Example :math:`Sp(6,\mathbb R)`
================================

Let us find the discrete series for this group::

   atlas> G:=Sp(6,R)
   Value: connected split real group with Lie algebra 'sp(6,R)'
   atlas> set F=distinguished_fiber (G)
   Variable F: [int]
   atlas> F
   Value: [0,1,2,3,4,5,6,7]
   atlas>

   atlas> ds:=all_discrete_series (G,rho(G)) Value: [final
   parameter(x=0,lambda=[3,2,1]/1,nu=[0,0,0]/1),final
   parameter(x=1,lambda=[3,2,1]/1,nu=[0,0,0]/1),final
   parameter(x=2,lambda=[3,2,1]/1,nu=[0,0,0]/1),final
   parameter(x=3,lambda=[3,2,1]/1,nu=[0,0,0]/1),final
   parameter(x=4,lambda=[3,2,1]/1,nu=[0,0,0]/1),final
   parameter(x=5,lambda=[3,2,1]/1,nu=[0,0,0]/1),final
   parameter(x=6,lambda=[3,2,1]/1,nu=[0,0,0]/1),final
   parameter(x=7,lambda=[3,2,1]/1,nu=[0,0,0]/1)] 

   atlas> show(ds)
   final parameter(x=0,lambda=[3,2,1]/1,nu=[0,0,0]/1)
   final parameter(x=1,lambda=[3,2,1]/1,nu=[0,0,0]/1)
   final parameter(x=2,lambda=[3,2,1]/1,nu=[0,0,0]/1)
   final parameter(x=3,lambda=[3,2,1]/1,nu=[0,0,0]/1)
   final parameter(x=4,lambda=[3,2,1]/1,nu=[0,0,0]/1)
   final parameter(x=5,lambda=[3,2,1]/1,nu=[0,0,0]/1)
   final parameter(x=6,lambda=[3,2,1]/1,nu=[0,0,0]/1)
   final parameter(x=7,lambda=[3,2,1]/1,nu=[0,0,0]/1)   
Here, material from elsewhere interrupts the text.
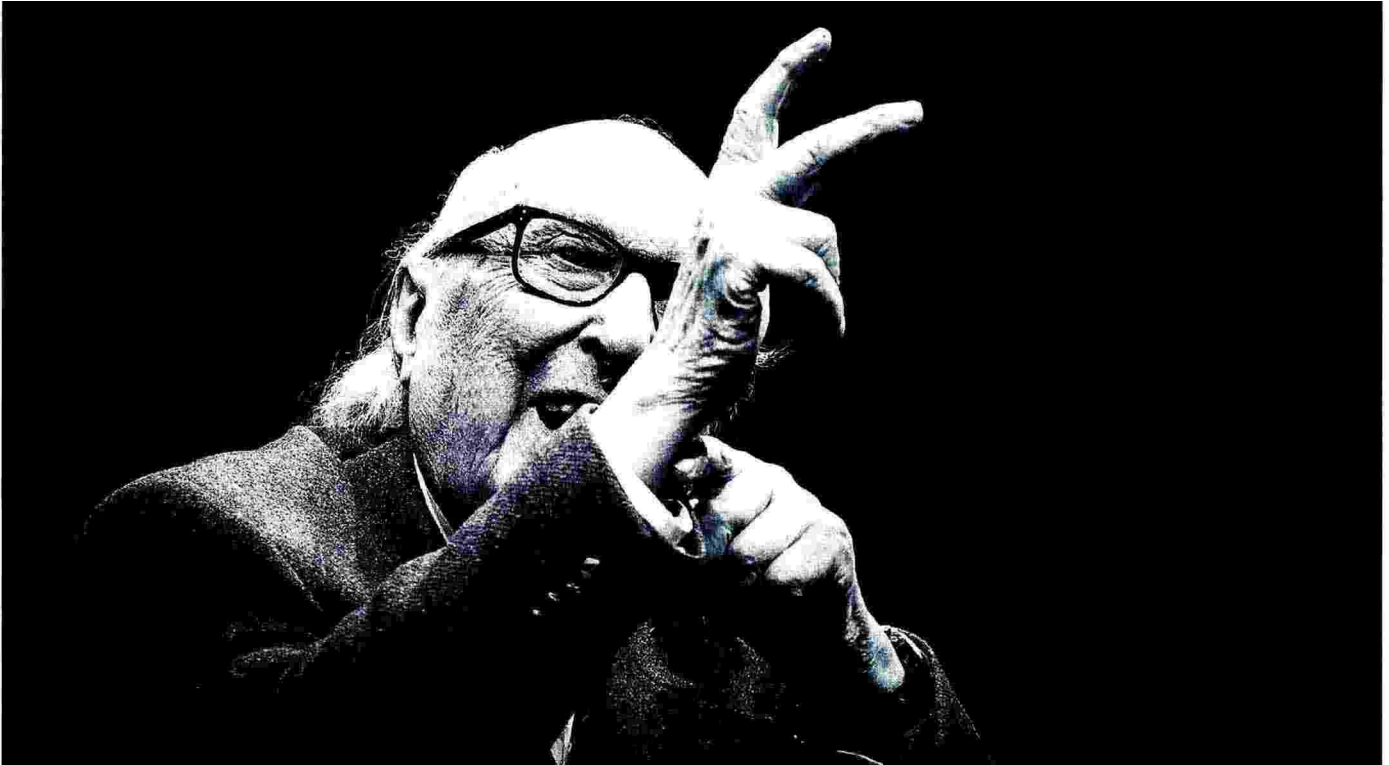
Andrea Camilleri. Collezione record di vendita con il suo commissario Montalbano, tornato in azione con "L'altro capo del filo" (Sellerio, pp. 301 euro 14)

Again, like in the case of :math:`Sp(4,\mathbb R)` we can try to write
each parameter in terms of a single ``x`` that has the usual compact
simple roots. By looking at each ``x``.

A more efficient way to do this is the following::

   atlas> void: for i in F do prints(i," ",rho_K(KGB(G,i))) od
   0 [ 1, 1, 0 ]/1
   1 [ 1, 1, 0 ]/1
   2 [ 1, 0, 1 ]/1
   3 [ 1, 1, 0 ]/1
   4 [ 1, 1, 0 ]/1
   5 [  1,  0, -1 ]/1
   6 [ 1, 0, 1 ]/1
   7 [  1,  0, -1 ]/1
   atlas> 

We have two choices of ``x`` with the standard ``rho``: ``x=5`` and
``x=7``. We choose one::

   atlas> x_b:=KGB(G,5)
   Value: KGB element #5
   atlas> simple_roots(K_0(x_b))
   Value: 
   |  1,  0 |
   | -1,  1 |
   |  0, -1 |
   
   atlas>

   atlas> void: for p in ds do prints(x(p), " ", hc_parameter (p, x_b)) od
   KGB element #0 [  3,  1, -2 ]/1
   KGB element #1 [  2,  1, -3 ]/1
   KGB element #2 [  3,  2, -1 ]/1
   KGB element #3 [  3, -1, -2 ]/1
   KGB element #4 [  2, -1, -3 ]/1
   KGB element #5 [ 3, 2, 1 ]/1
   KGB element #6 [  1, -2, -3 ]/1
   KGB element #7 [ -1, -2, -3 ]/1
   atlas>

These ``lambdas`` are the conjugates of ``rho`` which are
:math:`K`-dominant. That is, modulo :math:`W_K`. They are all
decreasing. So they are the usual Harish-Candra parameters for the
eight discrete series of :math:`Sp(6,\mathbb R)`.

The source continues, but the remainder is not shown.